• ASSIGNMENT:
Return all entries verbatim; skip any pictures.

Data excerpts

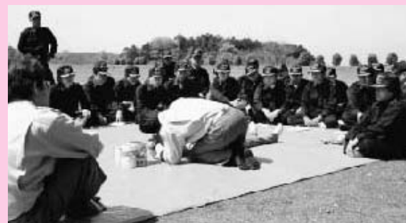
心肺蘇生法の実技指導の様子
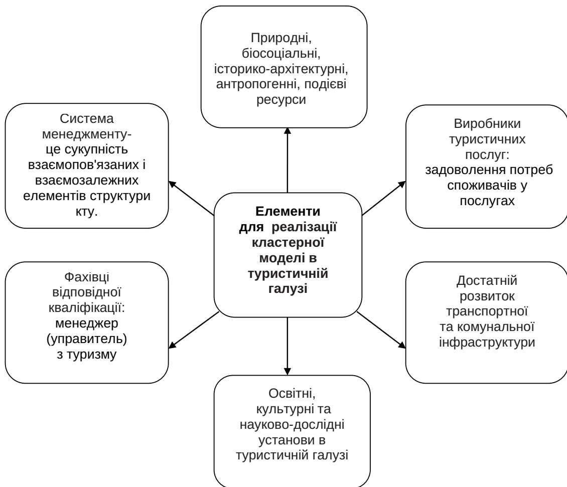
Рис. 2. Елементи, необхідні для реалізації кластерної моделі в туристичній галузі

Відтак, у нашому трактуванні екотуризм включає всі види туризму, орієнтовані на збереження природного довкілля, витворення інтелектуально-гуманістичного світобачення, налагодження гуманних стосунків з місцевим населенням та органами самоврядування, поліпшення фінансово-економічного благополуччя регіонів.
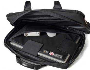
PC用のスリーブとストレッチの効いたメッシュポケット
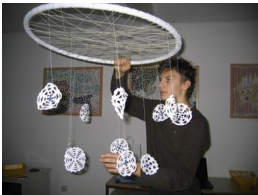
Slika 36: Obešanje obroča
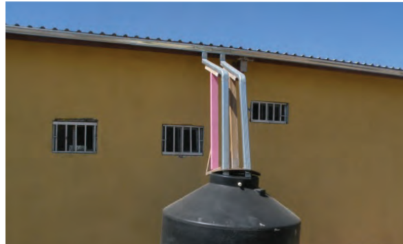
Meta 1: Proyecto de Conservación de Agua en Palomas, Chih. (APR: $10,000)

Monitoreo de sedimento y escurrimientos en el Cañón de Los Laureles para apoyar su modelación y gestión en Tijuana, BC (APR: $16,000)
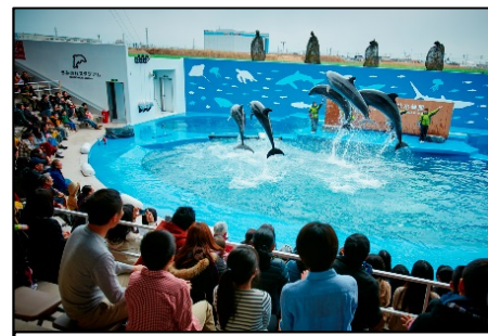
イルカ・アシカのパフォーマンス (仙台うみの杜水族館)
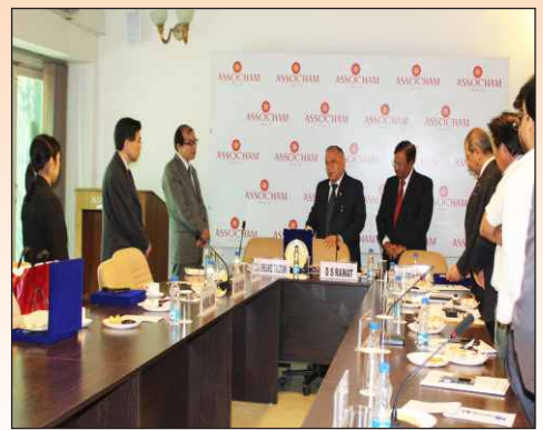
JITCO Team visited ASSOCHAM Corporate Office, New Delhi JITCOチームがASSOCHAMコーポレートオフィス、ニューデリーを訪問
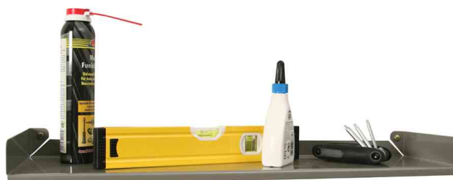
7) Ablageboard "StorePlus Flex M 58" - Lieferung unbestückt
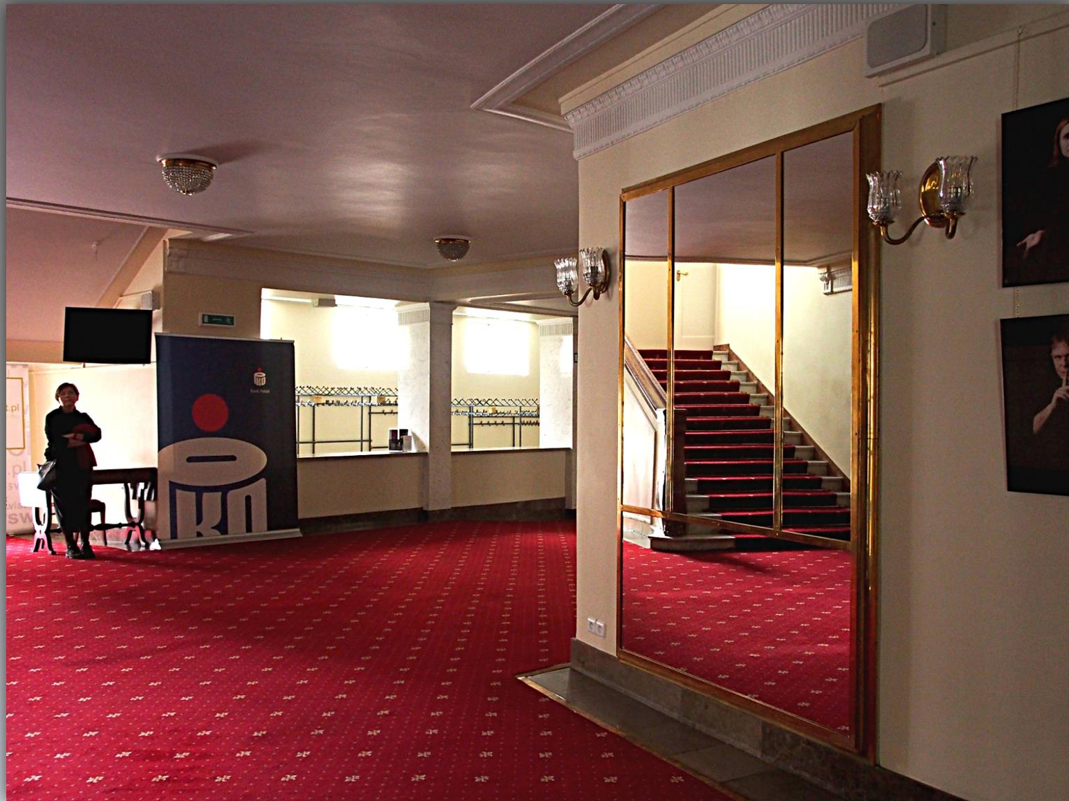
Teatr otwarto 29 stycznia 1913 r. z inicjatywy Arnolda Szyfmana
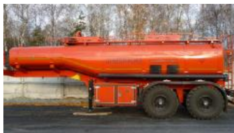
Рисунок 2 – ППЦ с двумя отсеками
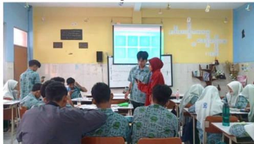
Gambar 5. Penerapan Media Wordwall
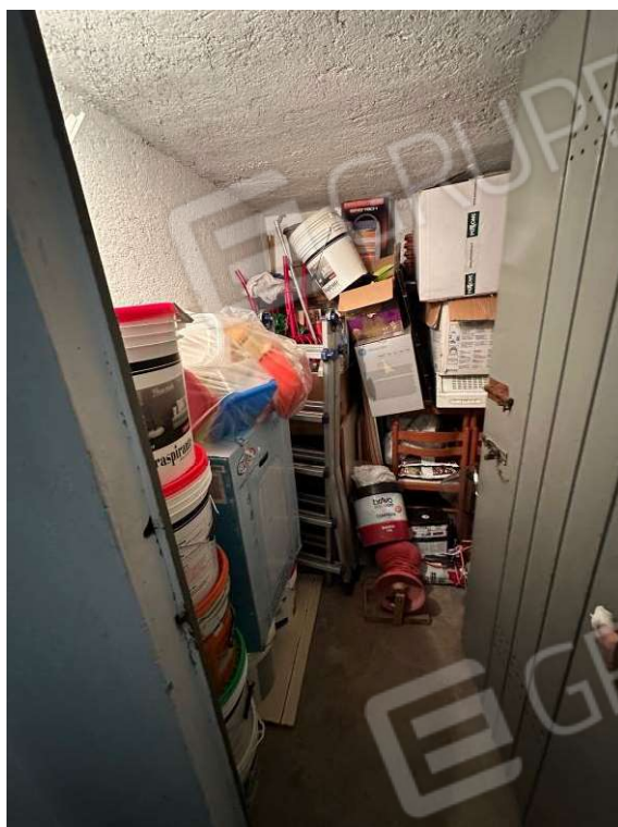
Fotografia n. 23: cantina
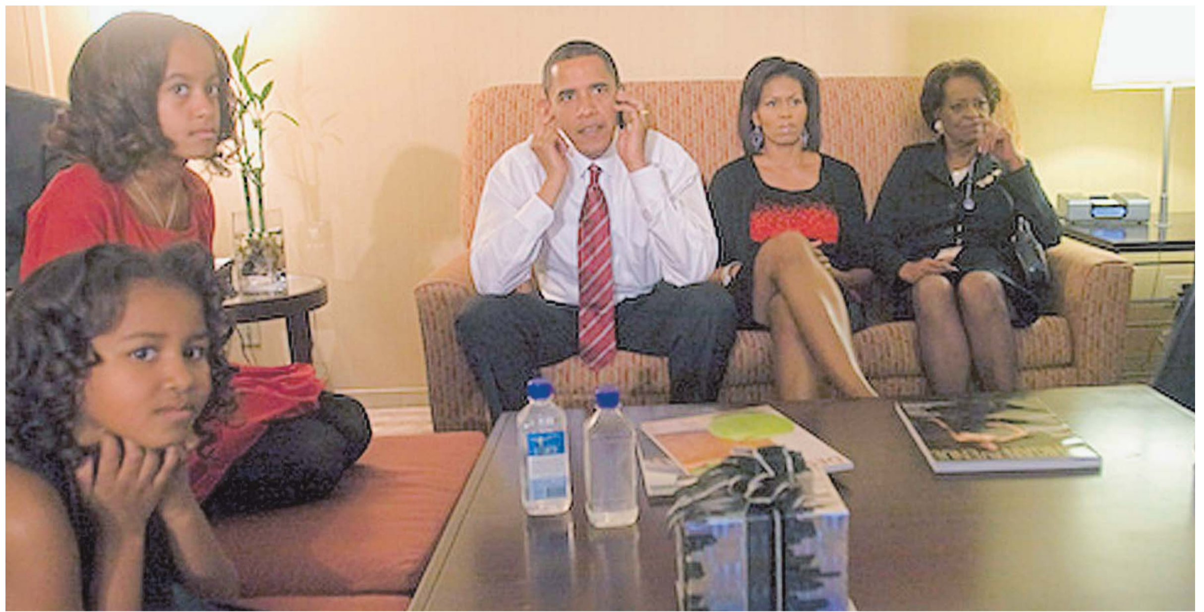
Warten auf den Wahlsieg: Familie Obama am Abend des 4. November in Chicago; neben dem Noch-Kandidaten seine Frau und seine Schwiegermutter; vorne die Töchter Sasha und Malia (knieend)

Charisma jedoch ist eine Stärke, die nie an spezifische Inhalte gebunden ist. Bill Clinton zum Bei-
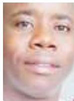
Na Mashaka Mgeta
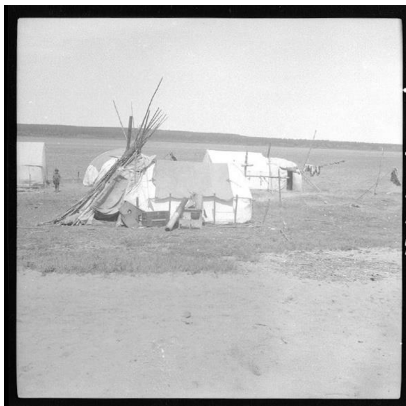
Tentes indiennes à Rupert's House, 1945. Archives nationales à Québec, fonds Ministère de la Culture et des Communications (E6, S7, S51, P27917). Photographe : Pierre Dagenais.

MUNICIPALITÉ DE VILLAGE CRI – WASKAGANISH
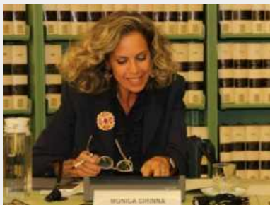
— La senatrice del Pd Monica Cirinnà

Battaglia procedurale e di contenuti sul ddl Cirinnà, la legge che dovrebbe finalmente regolamentare le Unioni civili anche in Italia. Al centro dello scontro c'è sempre la questione delle adozioni. L'art.5 che regola la stepchild adoption una materia incandescente su cui si stanno schierando perfino pediatri, psicologi e psichiatri. E per ultimo è arrivato anche il direttore di Radio Maria, l'emittente ipercattolica che si sente in ogni angolo d'Italia, meglio e di più della Rai, per ricordare alla parlamentare democratica con una caduta di gusto perfino peggiore di
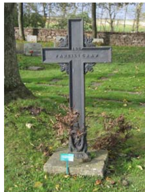
Kyrkogårdens enda gjutjärnsvård.
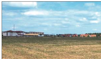
Teren inwestycyjny przy ul. Słubickiej.

Działka nr 1135 o pow. 0,81 ha. Teren przeznaczony pod obiekty produkcyjne, składy i magazyny, wszelką działalność gospodarczą z zakresu produkcji, składów, baz i magazynów oraz usług z wyłączeniem przedsięwzięć mogących znacząco oddziaływać na środowisko i obiektów stwarzających zagrożenia dla środowiska, życia i zdrowia ludzi. Dopuszcza się mieszkania integralnie związane z prowadzoną działalnością. Uzbrojenie: energia elektryczna, kanalizacja, dojazd drogą żwirową utwardzoną.
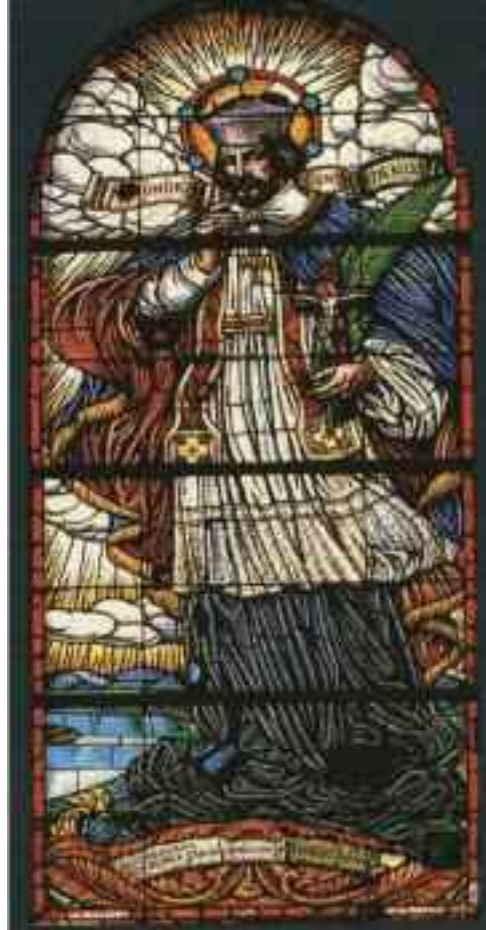
Nepomuki Szent János, 1935 (Dorog)
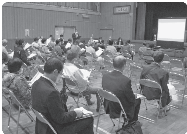
学校統合再編地区説明会(美山地区)
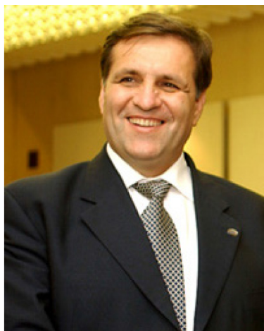
Борис Трајковски, втор претседател на РМ (1999-2004)

Поради ваквиот развој на настаните, партијата Внатрешна македонска револуционерна организација – Демократска партија за македонско национално единство (ВМРО-ДПМНЕ), која го предложи Љубиша Георгиевски за претседател, поднесе приговор до Државната изборна комисија (ДИК) со барање изборите да бидат поништени. Приговорот беше одбиен и со тоа Кирил Глигоров стана првиот претседател во Република Македонија избран на општи и непосредни избори. Кирил Глигоров ја извршуваше функцијата шеф на државата до 19 ноември 1999 година. 25
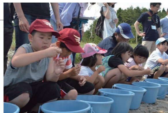
▲水質検査キットを使用し検査の反応をみる児童たち

むつ湾広域連携協議会主催、バイ・クリーンアッププロジェクト実行委員会等の協力のもと、環境活動体験会が行われました。むつ湾沿岸市町村の小学生は、広瀬地区で海岸清掃や水質調査を行ったり、瀬辺地漁港でヒラメの稚魚の放流やシーカヤックを体験し、むつ湾の豊かさや面白さを感じ、むつ湾についての理解を深めました。
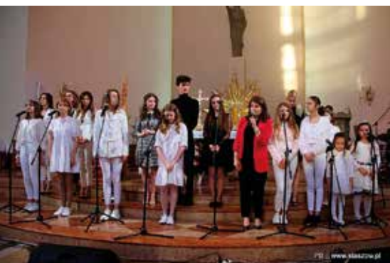
Koncert Alleluja! Chwała Panu!

Frekwencja dopisała. Przybyło wiele dzieci i młodzieży wraz z rodzicami. Pośród stoisk, karuzel, dmuchanych zjeżdżalni przygotowano główną atrakcję: aeropiknik. A na nim m.in. ekspozycję sprzętu lotniczego, symulatory lotów (w tym VR), żyroskop, replikę lotni Lilienthala, pokaz latawców, balonowy trening pokazowy, gry i zabawy lotnicze oraz lot balonem na uwięzi. Późnym popołudniem ku górze uniosły się 2 balony, które przy zachodzie słońca
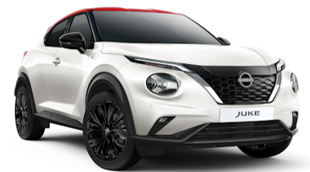
Sonderedition REDLINE Pearl White YDA / Fuji Sunset Red auch verfügbar in Ceramic Grey YAV / Fuji Sunset Red
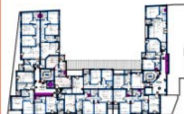
PLAN DU 6ème ETAGE
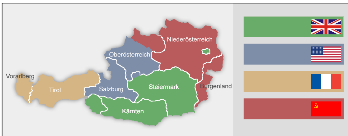
Okupační zóny v Rakousku, 1945-1955
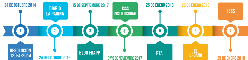
Ilustración 4. Línea de tiempo. Expediente clínico

Elaboración propia con datos obtenidos en diferentes sitios web
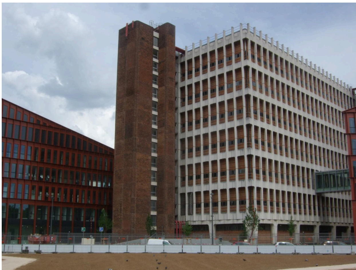
Tour de distribution
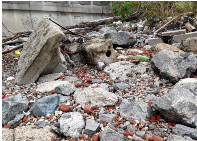
Fig. 4 Contexto del hallazgo: bloques de hormigón y mampostería reciente entre el basalto de protección de la costa, y pequeños ladrillos rodados.
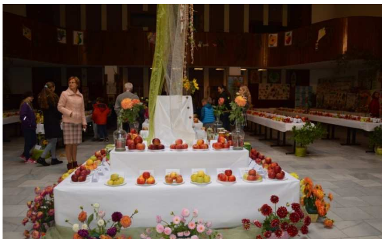
48. ročník oblastnej výstavy Ovocie, zelenina a kvety
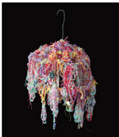
4. 井戸 友香里「スズ付きシャンレリア」
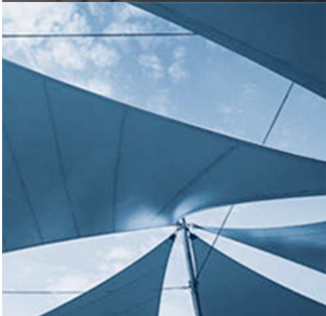
Systemy na ochranu pred slnkom
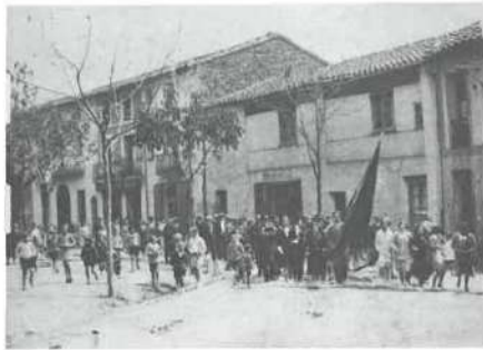
Festivitat de Santa Llúcia.
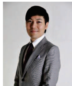
株式会社コアストリーム 代表取締役
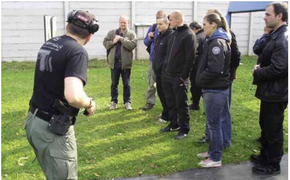
Instruktor před střeleckým výcvikem

Cílem je proškolení 897 pracovníků ostrahy k vykonání zkoušky odborné způsobilosti pro profesní kvalifikaci „Strážný“ – č. 68-008-E a dále ověření odborné způsobilosti absolventů školení zkouškou podle zákona č. 179/2008 Sb. o uznávání výsledků dalšího vzdělávání.
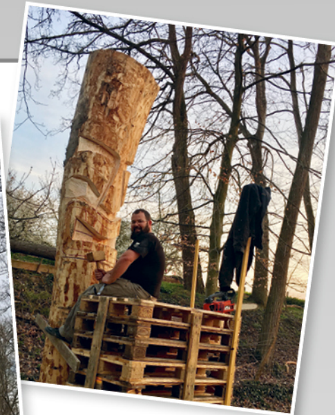
*Chantier en cours
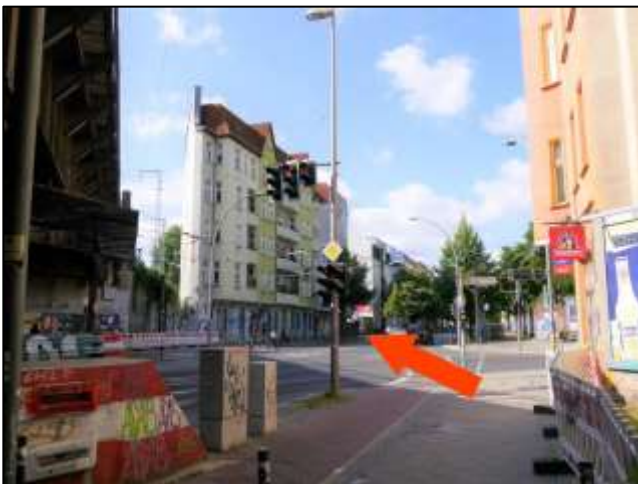
Blick in die Gürtelstraße von Nord-Osten

• WRITTEN REPLY:
心肺蘇生法の実技指導の様子
Рис. 2. Елементи, необхідні для реалізації кластерної моделі в туристичній галузі

Відтак, у нашому трактуванні екотуризм включає всі види туризму, орієнтовані на збереження природного довкілля, витворення інтелектуально-гуманістичного світобачення, налагодження гуманних стосунків з місцевим населенням та органами самоврядування, поліпшення фінансово-економічного благополуччя регіонів.
PC用のスリーブとストレッチの効いたメッシュポケット
Slika 36: Obešanje obroča
Meta 1: Proyecto de Conservación de Agua en Palomas, Chih. (APR: $10,000)

Monitoreo de sedimento y escurrimientos en el Cañón de Los Laureles para apoyar su modelación y gestión en Tijuana, BC (APR: $16,000)
イルカ・アシカのパフォーマンス (仙台うみの杜水族館)
JITCO Team visited ASSOCHAM Corporate Office, New Delhi JITCOチームがASSOCHAMコーポレートオフィス、ニューデリーを訪問
7) Ablageboard "StorePlus Flex M 58" - Lieferung unbestückt
Teatr otwarto 29 stycznia 1913 r. z inicjatywy Arnolda Szyfmana
Рисунок 2 – ППЦ с двумя отсеками
Gambar 5. Penerapan Media Wordwall
Fotografia n. 23: cantina
Warten auf den Wahlsieg: Familie Obama am Abend des 4. November in Chicago; neben dem Noch-Kandidaten seine Frau und seine Schwiegermutter; vorne die Töchter Sasha und Malia (knieend)

Charisma jedoch ist eine Stärke, die nie an spezifische Inhalte gebunden ist. Bill Clinton zum Bei-
Na Mashaka Mgeta
Tentes indiennes à Rupert's House, 1945. Archives nationales à Québec, fonds Ministère de la Culture et des Communications (E6, S7, S51, P27917). Photographe : Pierre Dagenais.

MUNICIPALITÉ DE VILLAGE CRI – WASKAGANISH
— La senatrice del Pd Monica Cirinnà

Battaglia procedurale e di contenuti sul ddl Cirinnà, la legge che dovrebbe finalmente regolamentare le Unioni civili anche in Italia. Al centro dello scontro c'è sempre la questione delle adozioni. L'art.5 che regola la stepchild adoption una materia incandescente su cui si stanno schierando perfino pediatri, psicologi e psichiatri. E per ultimo è arrivato anche il direttore di Radio Maria, l'emittente ipercattolica che si sente in ogni angolo d'Italia, meglio e di più della Rai, per ricordare alla parlamentare democratica con una caduta di gusto perfino peggiore di
Kyrkogårdens enda gjutjärnsvård.
Teren inwestycyjny przy ul. Słubickiej.

Działka nr 1135 o pow. 0,81 ha. Teren przeznaczony pod obiekty produkcyjne, składy i magazyny, wszelką działalność gospodarczą z zakresu produkcji, składów, baz i magazynów oraz usług z wyłączeniem przedsięwzięć mogących znacząco oddziaływać na środowisko i obiektów stwarzających zagrożenia dla środowiska, życia i zdrowia ludzi. Dopuszcza się mieszkania integralnie związane z prowadzoną działalnością. Uzbrojenie: energia elektryczna, kanalizacja, dojazd drogą żwirową utwardzoną.
Nepomuki Szent János, 1935 (Dorog)
学校統合再編地区説明会(美山地区)
Борис Трајковски, втор претседател на РМ (1999-2004)

Поради ваквиот развој на настаните, партијата Внатрешна македонска револуционерна организација – Демократска партија за македонско национално единство (ВМРО-ДПМНЕ), која го предложи Љубиша Георгиевски за претседател, поднесе приговор до Државната изборна комисија (ДИК) со барање изборите да бидат поништени. Приговорот беше одбиен и со тоа Кирил Глигоров стана првиот претседател во Република Македонија избран на општи и непосредни избори. Кирил Глигоров ја извршуваше функцијата шеф на државата до 19 ноември 1999 година. 25
▲水質検査キットを使用し検査の反応をみる児童たち

むつ湾広域連携協議会主催、バイ・クリーンアッププロジェクト実行委員会等の協力のもと、環境活動体験会が行われました。むつ湾沿岸市町村の小学生は、広瀬地区で海岸清掃や水質調査を行ったり、瀬辺地漁港でヒラメの稚魚の放流やシーカヤックを体験し、むつ湾の豊かさや面白さを感じ、むつ湾についての理解を深めました。
Koncert Alleluja! Chwała Panu!

Frekwencja dopisała. Przybyło wiele dzieci i młodzieży wraz z rodzicami. Pośród stoisk, karuzel, dmuchanych zjeżdżalni przygotowano główną atrakcję: aeropiknik. A na nim m.in. ekspozycję sprzętu lotniczego, symulatory lotów (w tym VR), żyroskop, replikę lotni Lilienthala, pokaz latawców, balonowy trening pokazowy, gry i zabawy lotnicze oraz lot balonem na uwięzi. Późnym popołudniem ku górze uniosły się 2 balony, które przy zachodzie słońca
Sonderedition REDLINE Pearl White YDA / Fuji Sunset Red auch verfügbar in Ceramic Grey YAV / Fuji Sunset Red
PLAN DU 6ème ETAGE
Okupační zóny v Rakousku, 1945-1955
Ilustración 4. Línea de tiempo. Expediente clínico

Elaboración propia con datos obtenidos en diferentes sitios web
Tour de distribution
Fig. 4 Contexto del hallazgo: bloques de hormigón y mampostería reciente entre el basalto de protección de la costa, y pequeños ladrillos rodados.
48. ročník oblastnej výstavy Ovocie, zelenina a kvety
4. 井戸 友香里「スズ付きシャンレリア」
Systemy na ochranu pred slnkom
Festivitat de Santa Llúcia.
株式会社コアストリーム 代表取締役
Instruktor před střeleckým výcvikem

Cílem je proškolení 897 pracovníků ostrahy k vykonání zkoušky odborné způsobilosti pro profesní kvalifikaci „Strážný“ – č. 68-008-E a dále ověření odborné způsobilosti absolventů školení zkouškou podle zákona č. 179/2008 Sb. o uznávání výsledků dalšího vzdělávání.
*Chantier en cours
Blick in die Gürtelstraße von Nord-Osten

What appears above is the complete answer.